Aim of the exercise:
Look for the line containing "Channel the fierce" and the line containing "I absolutely love" in the entries below. Copy those two and all lines between them exactly, leaving out pictures.

Stored items from a collection
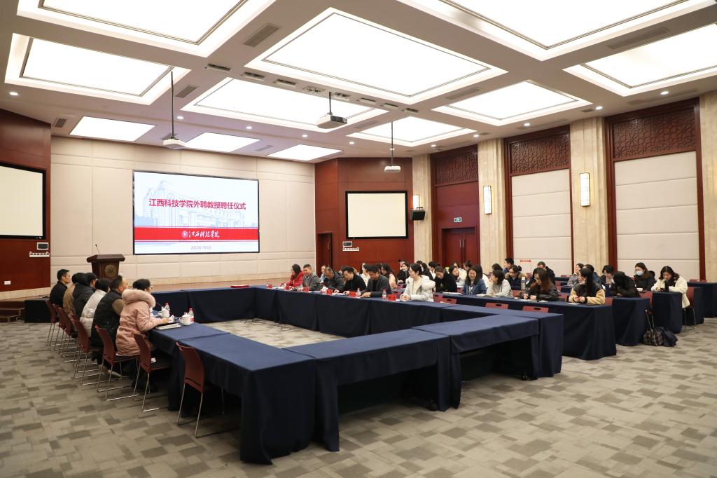 江科网讯(实习记者 姜景瀚)1月5日上午,我校在行政南一楼第一会议室举行外聘教授聘任仪式。我校副校长、教育学院院长李玮出席并为受聘教授代表颁发聘书。江科附小主管校长周明玉,教导主任万丽娜、周志强、邓翎利、王艳娇,综合学科教研组长涂波出席。我校人事处处长周小丰、教务处处长陈辉、教育学院副院长兰霞萍及教育学院专职教师参加仪式。
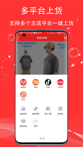 五二电商园平台支持多平台一键上货功能,包括淘宝、天猫、京东、拼多多、抖音等知名电商平台,用户可以足不出户即可轻松赚取利润。无论是寻找潮流服装货源还是其他商品,五二电商园都能满足用户的需求,为用户提供便捷、高效的购物体验和赚钱渠道。
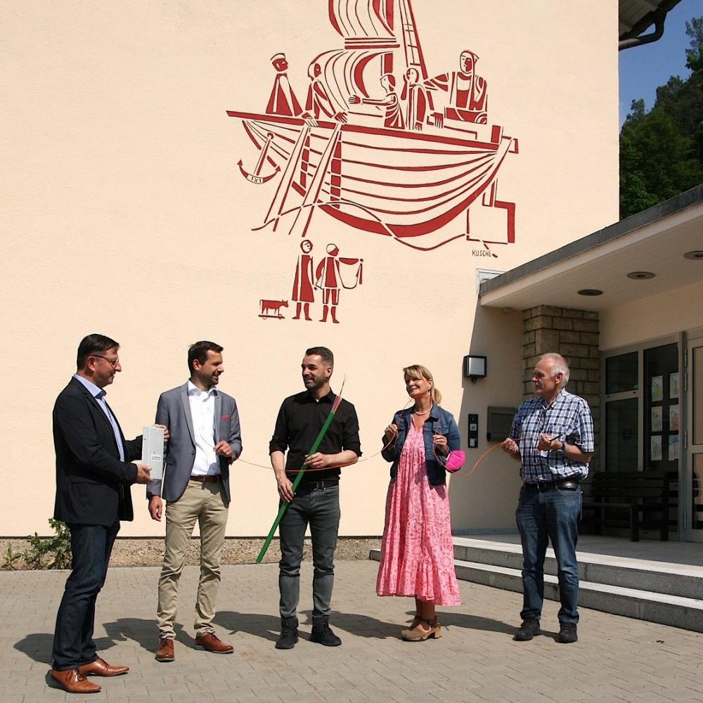 Die Grundschule ist das erste Gebäude in der Gemeinde Unterleinleiter mit direktem Glasfaseranschluss, mit dem Bandbreiten von 300 Megabit pro Sekunde und höher abrufbar sind. Die kleine Schule mit zwei Kombiklassen und insgesamt 37 Schülern ist damit eher an das schnelle Internet angeschlossen als beispielsweise das Landratsamt Forchheim oder das Gymnasium Fränkische Schweiz in Ebermannstadt. Hier laufen gerade erst die Ausschreibungen. Bürgermeister Alwin Gebhardt (DWV), Schulleiterin Antje Ullmann, Breitbandpate Andreas Kirchner sowie Jürgen Fiedler und Konrad Dresel von den Stadtwerken Ebermannstadt freuten sich bei der offiziellen Inbetriebnahme des Breitbandanschlusses, dass alles so schnell und reibungslos geklappt hatte, was vor allem auch der Baufirma Preißinger aus Kleinziegenfeld, die die Tiefbauarbeiten innerhalb von nur zwei Wochen fertiggestellt hatte, zu verdanken sei. Zugute kam der Gemeinde das neu aufgestellte Förderprogramm des Freistaats Bayern, aus dem es 50.000 Euro Zuschuss für die Gesamtmaßnahme in Höhe von 60.000 Euro gab.
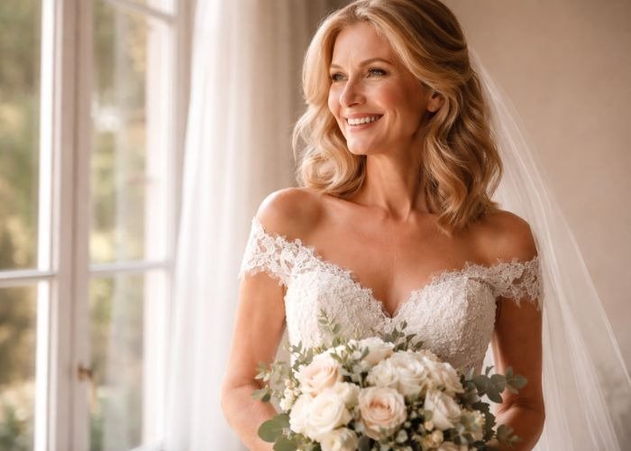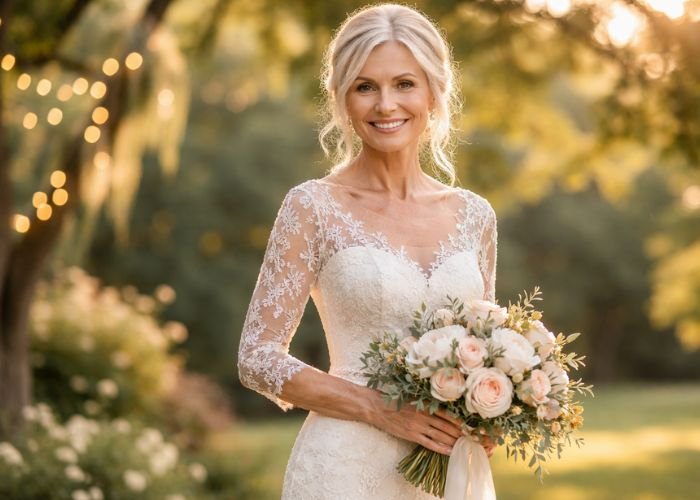 Many brides over 50 prefer comfort-first designs that still look elegant.
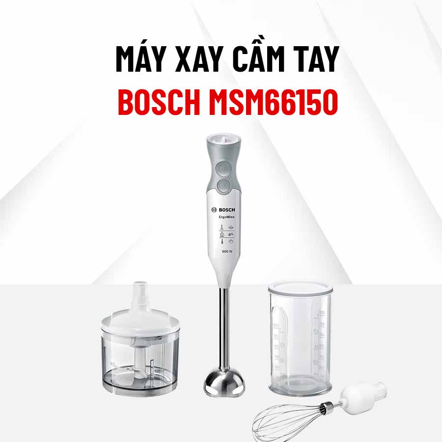 Kích thước của máy xay cầm tay Bosch MSM66150 là 393 x 55 x 62 mm.
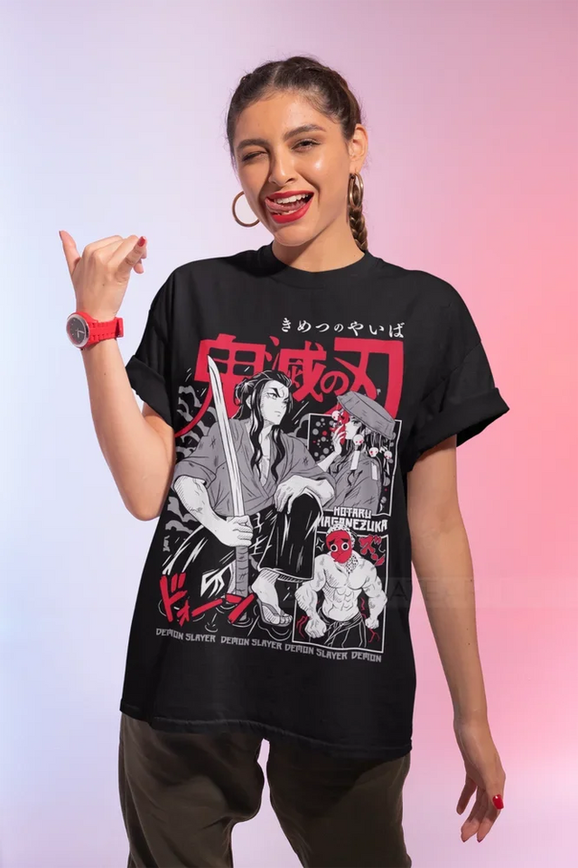 Channel the fierce dedication of Hotaru Haganezuka with this striking Demon Slayer T-Shirt. Featuring the enigmatic swordsmith in a dramatic black and red design, this tee captures the intensity and craftsmanship that defines Haganezuka’s character. The bold graphics highlight his iconic mask and relentless pursuit of perfection, making it an essential piece for any Demon Slayer fan. Made from high-quality fabric, this tee ensures comfort and durability, perfect for both casual wear and as a standout piece in your anime collection.
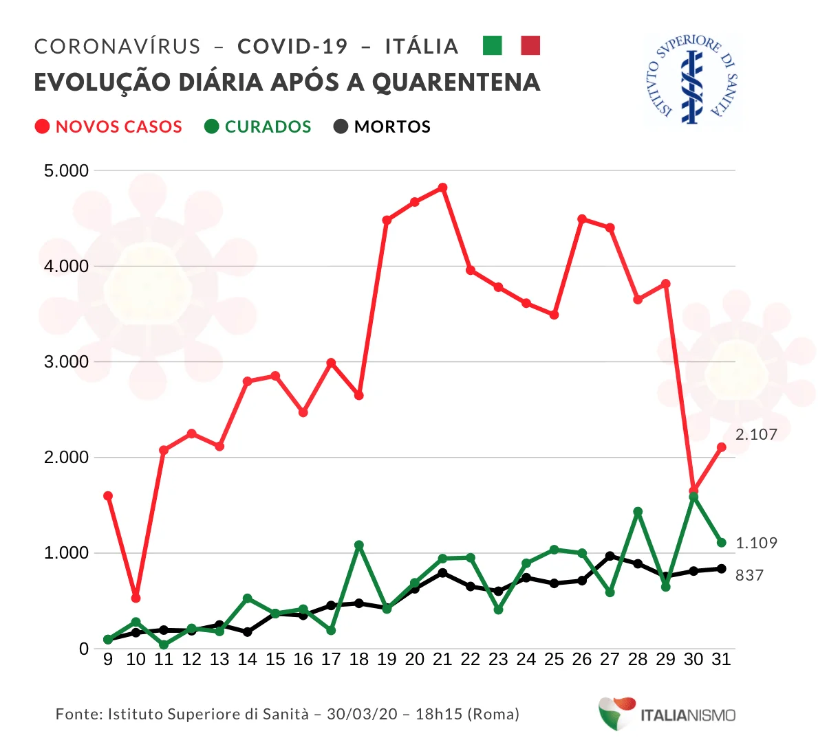 O número de casos confirmados de covid-19, a doença causada pelo coronavírus, na Itália subiu para 105.792 nesta terça-feira (31), sendo o segundo país com o maior número de infecções registradas, atrás dos Estados Unidos, que somam 161.807 casos.
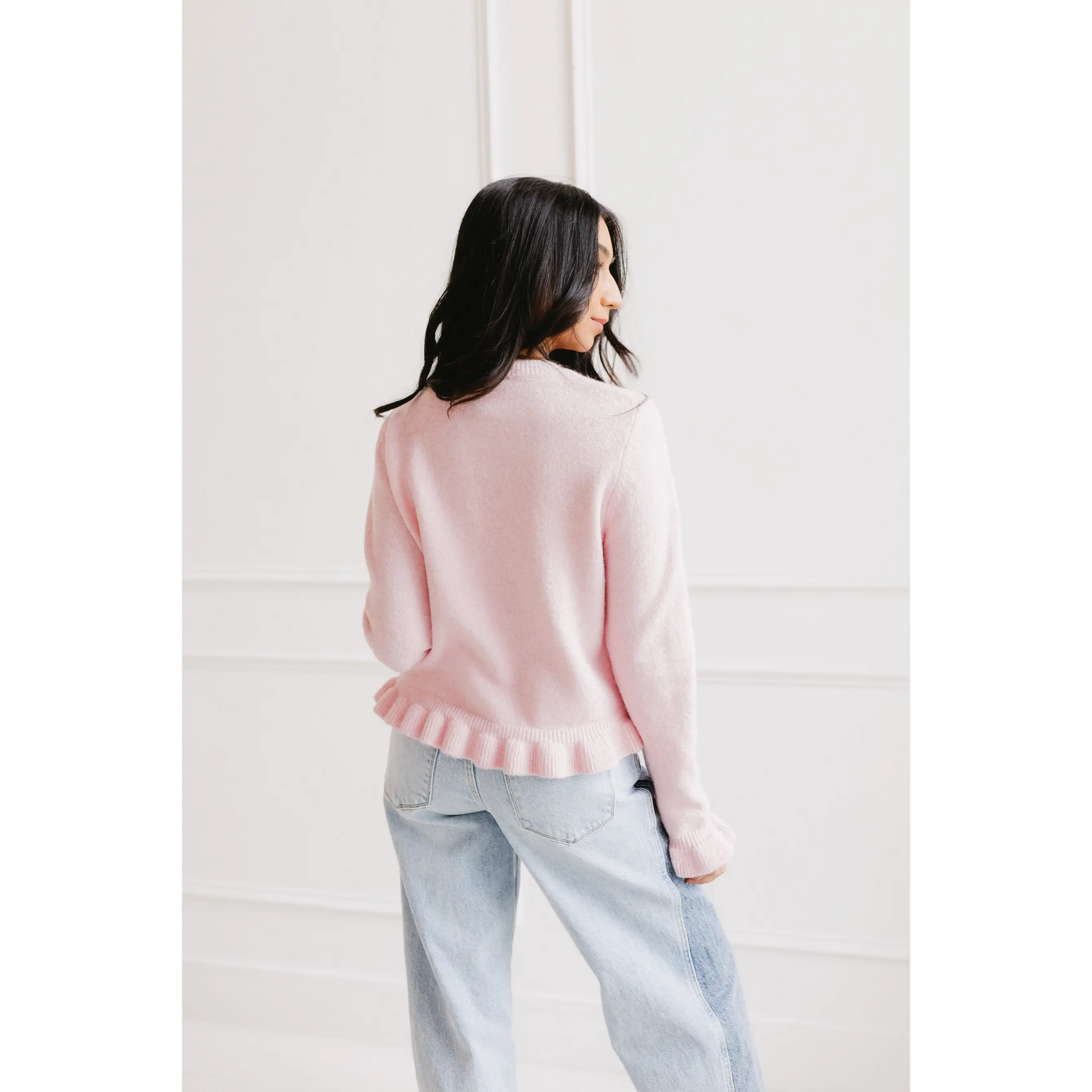 I absolutely love this sweater. Love the ruffles. I got so many compliments when i wore it to a shower.
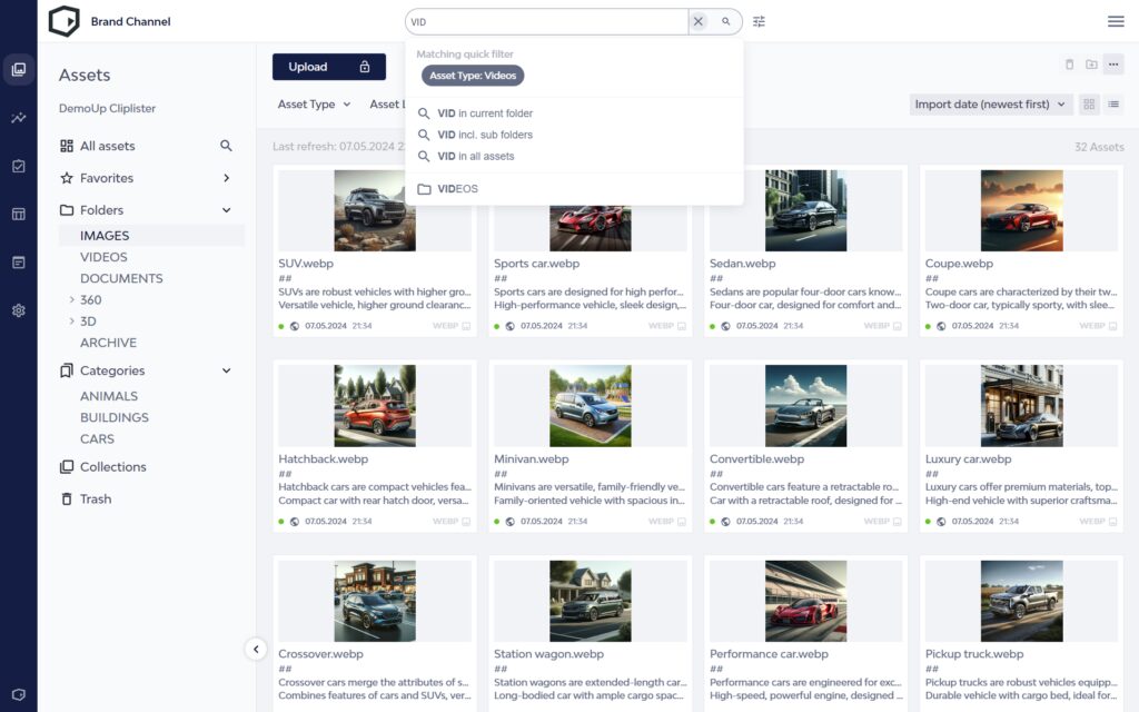 DemoUp Cliplister bietet Dutzende von Tools, die Ihnen helfen, Ihre Vermögenswerte effektiv zu speichern. Es unterstützt Einzel- oder Massen-Upload von Dateien, Cloud-Speicher, Video-Transkodierung und erweiterte KI-Suche. Außerdem ist es skalierbar, um mit Ihrem Unternehmen zu wachsen.
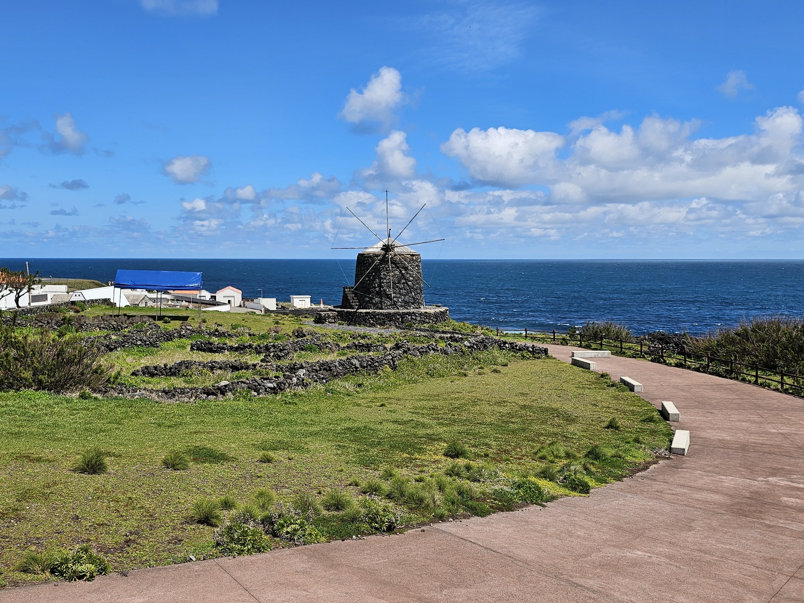 Üç geleneksel yel değirmeninden oluşan grup, Corvo adasındaki popüler cazibe merkezlerinden biridir.

Written answer:
 Channel the fierce dedication of Hotaru Haganezuka with this striking Demon Slayer T-Shirt. Featuring the enigmatic swordsmith in a dramatic black and red design, this tee captures the intensity and craftsmanship that defines Haganezuka’s character. The bold graphics highlight his iconic mask and relentless pursuit of perfection, making it an essential piece for any Demon Slayer fan. Made from high-quality fabric, this tee ensures comfort and durability, perfect for both casual wear and as a standout piece in your anime collection.
 O número de casos confirmados de covid-19, a doença causada pelo coronavírus, na Itália subiu para 105.792 nesta terça-feira (31), sendo o segundo país com o maior número de infecções registradas, atrás dos Estados Unidos, que somam 161.807 casos.
 I absolutely love this sweater. Love the ruffles. I got so many compliments when i wore it to a shower.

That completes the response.